Quenching of Trp fluorescence in OCP and COCP by the carotenoid cofactor and iodide. (A) location of all Trp residues and Tyr-201 in the crystal structure of OCP in the orange state (PDB:3MG1). The carotenoid is shown by orange spheres, Trp residues and Tyr-201 are shown as violet and pink sticks, respectively. (B) fluorescence decay kinetics of COCP (violet) and Apo-COCP (black) measured at 25 °C. The protein concentrations were equal in both samples. (C,D) quenching of OCP^O and OCP^R Trp fluorescence by increasing concentrations of iodide.
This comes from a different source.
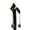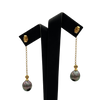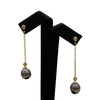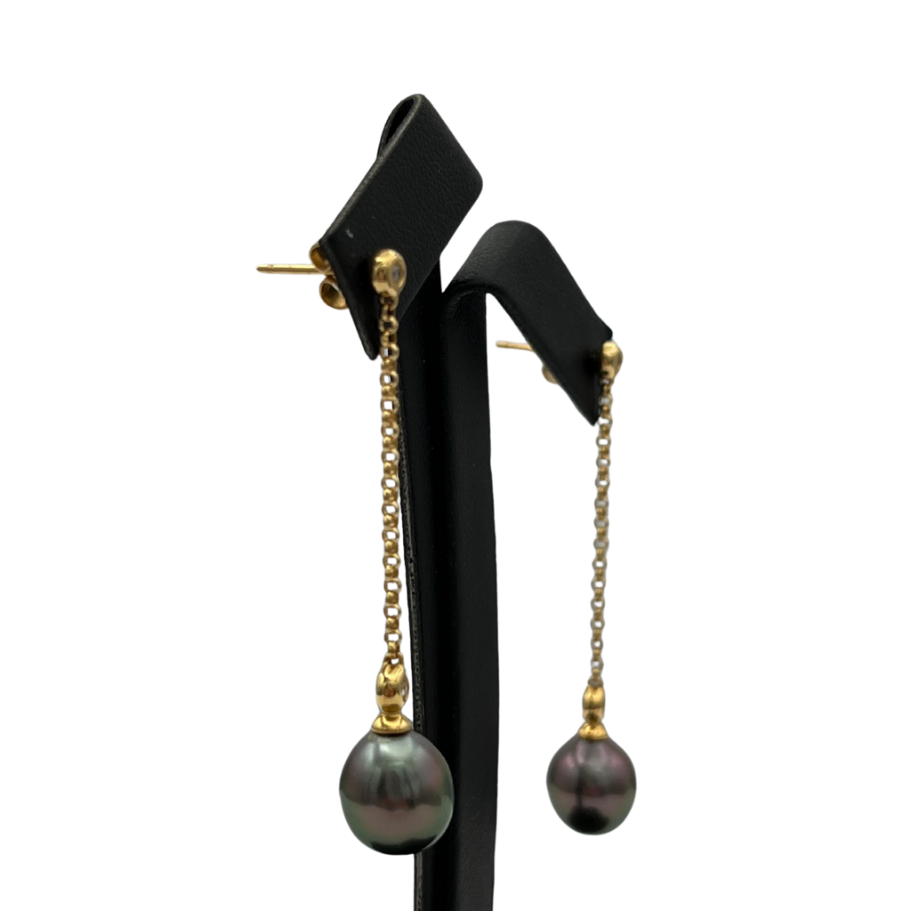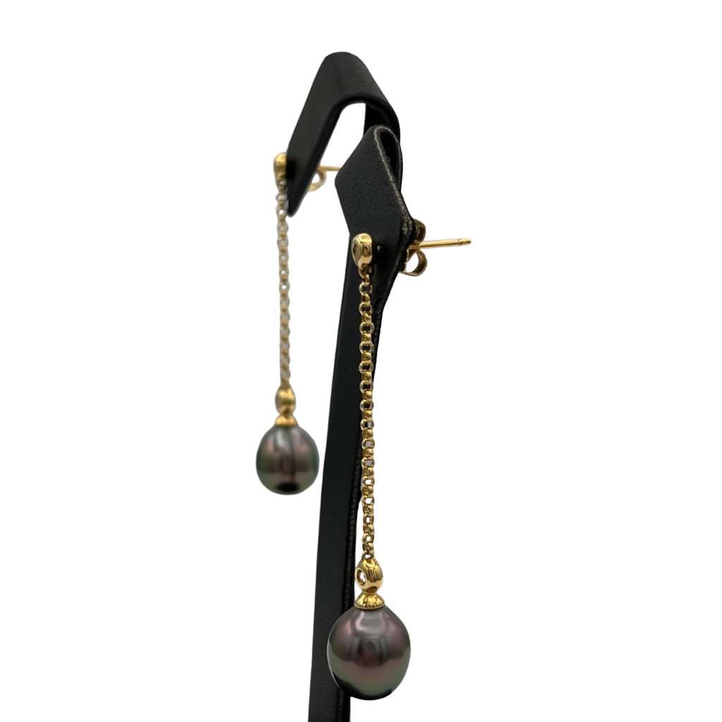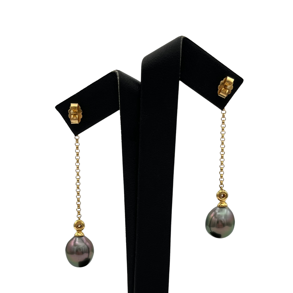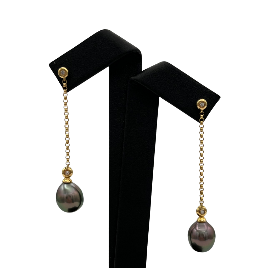 Beautiful Tahitian pearl drop earrings. Each pearl is suspended on a 1.6mm round link chain, with a bezel set diamond. Earrings are worn with a post and butterfly back.

At each iodide concentration, picosecond fluorescence decays were measured. All experiments with iodide were carried out at 2 °C in order to reduce the rate of OCP^R to OCP^O back-conversion. (E) dependencies of quenching efficiency on iodide concentration calculated as changes of fluorescence intensities and average lifetimes from the data presented in panels C and D. (F) modified Stern-Volmer plots of Trp fluorescence quenching by iodide approximated by linear functions. The ordinate intercepts define the reciprocal values of the fraction of accessible Trp residues (f _a). The protein concentrations were equal in all samples.

Figure 5

Novel aspects of the OCP photocycle. See text for details.